Sockeye Collaborations

Collaborations in both mammalian and the more compact nematode genomes are a central part of the platform development process. They prove the platform's applicability to facilitate work on real world biological problems.

Collaborations leverage the experience of biological and medical researchers into the platform design. These are investments that solve immediate short and long-term issues in important biological and medical problems and solutions in effective ways.


Transcriptional regulation in the adult gut

Determine whether elt-2 is the dominant transcription factor in the adult C. elegans gut.

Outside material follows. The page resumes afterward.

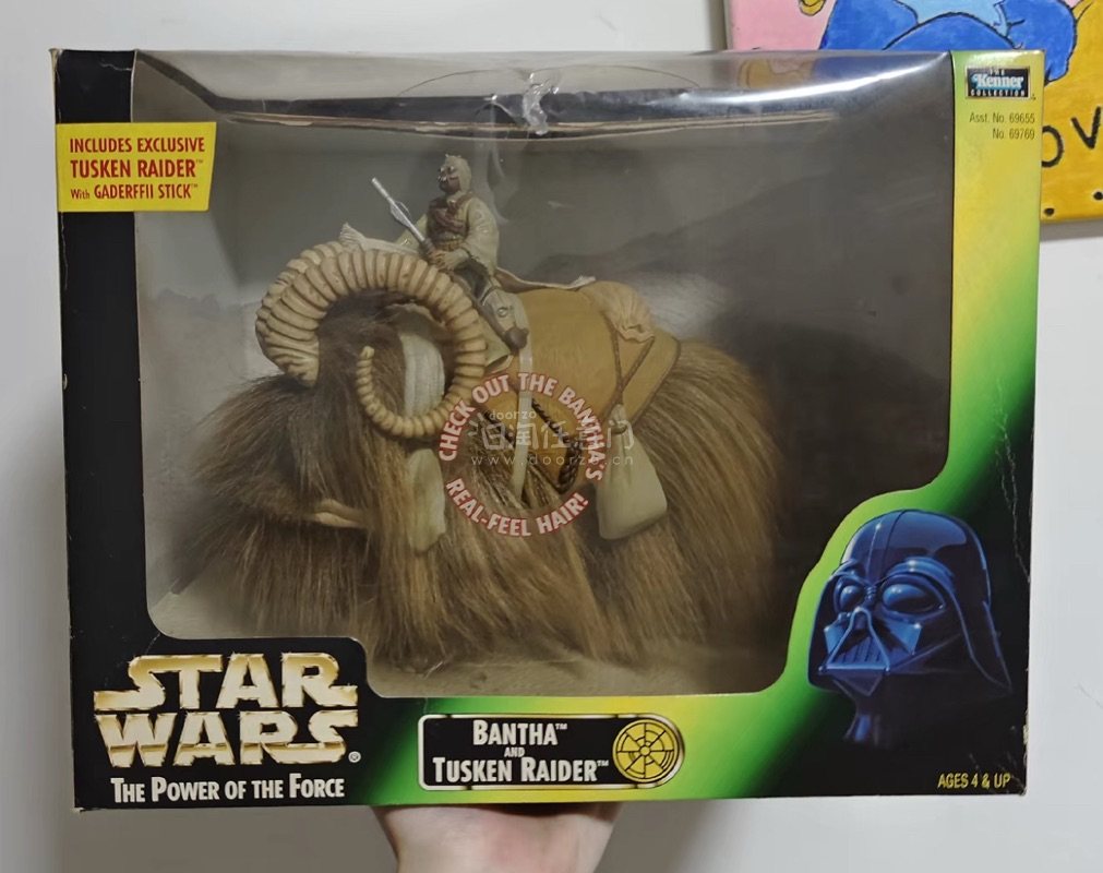 ? 班萨与塔斯肯袭击者 这只班萨真的太绝了!真实植毛质感拉满,蓬松的棕毛在沙漠背景里氛围感直接拉满,骑乘的塔斯肯袭击者手持加德菲棍,面罩和服饰细节都完美还原,仿佛下一秒就要在塔图因沙丘里展开劫掠。老玩具的扎实做工,现在摸起来还是沉甸甸的情怀感! ? 赫特人贾巴 贾巴宫殿的核心反派来了!这个贾巴人偶把臃肿慵懒的神态拿捏得死死的,嘴边的口水细节都做出来了,还附带了他的专属侍从和通讯器配件,往贾巴宫殿场景里一放,瞬间就能脑补出他在王座上作威作福的样子,还原度直接封神! 感谢挖煤姬!!!

  • Source data: SAGE tag counts for C. elegans gut cells and for whole worms. Known elt-2 sites in C. elegans and C. briggsae.
  • Compare predictions using elegans and briggsae data separately, and combined elegans-briggsae data.
  • Compare predictions using specific and nonspecific backgrounds.
  • Compare predictions for the top 10, 20, ..., 60 genes/orthologous pairs to see whether predictions degrade as the promoter sequence set includes genes that are less gut-specific.
  • Determine whether transcription factor modules are important in the adult gut.
  • Compare whether patterns in which motif discovery methods agree differs for adult gut predictions and muscle-specific promoters.
  • Predict likely transcription factor locations in constructs; these will be high priority targets for future biochemical tests.
  • Current work
    • compare the effectiveness of methods that refine a set of discoverd motifs using a run-specific estimate of motif statistical significance
    • determine whether methods that explicitly use expression data to refine a set of discovered motifs are more effective


Jim McGhee: University of Calgary, CSHL talk
Don Moerman: UBC
Sheldon McKay, Kim Wong: GSC

Scale of work

Using promoters up to 3Kb in length but truncated at the first 'next' coding region, work with up to ~65 genes or orthologous pairs of genes.

Main deliverables

To address this work we created the initial version of the 'large-scale' motif discovery component of the Gene Regulation platform. The platform component includes

  • a) calculating on a computer cluster
  • b) a visualizer for assessing results and extracting metapatterns
  • c) simple, flexible process 'glue' that makes these easy to use

It is designed to make it routine and cost-effectively to minimize risks related to using particular subsets of methods and parameter settings ' to use in motif discovery, and, to some extent, 'which background?'. It makes it routine to use many methods and parameter settings in parallel, and then it facilitates extracting 'patterns' in discovered motifs in datasets consisting of up to hundreds of related sequences. As important, it facilitates bioinformatics - biology collaborative teams in which both parts of the team can quickly learn from each other, which makes collaborations more productive. The 'large scale' platform component has proven itself to be effective, and continues to be developed and integrated more deeply into the overall Gene Regulation platform. Development efforts are focused on addressing issues identified in collaborative work.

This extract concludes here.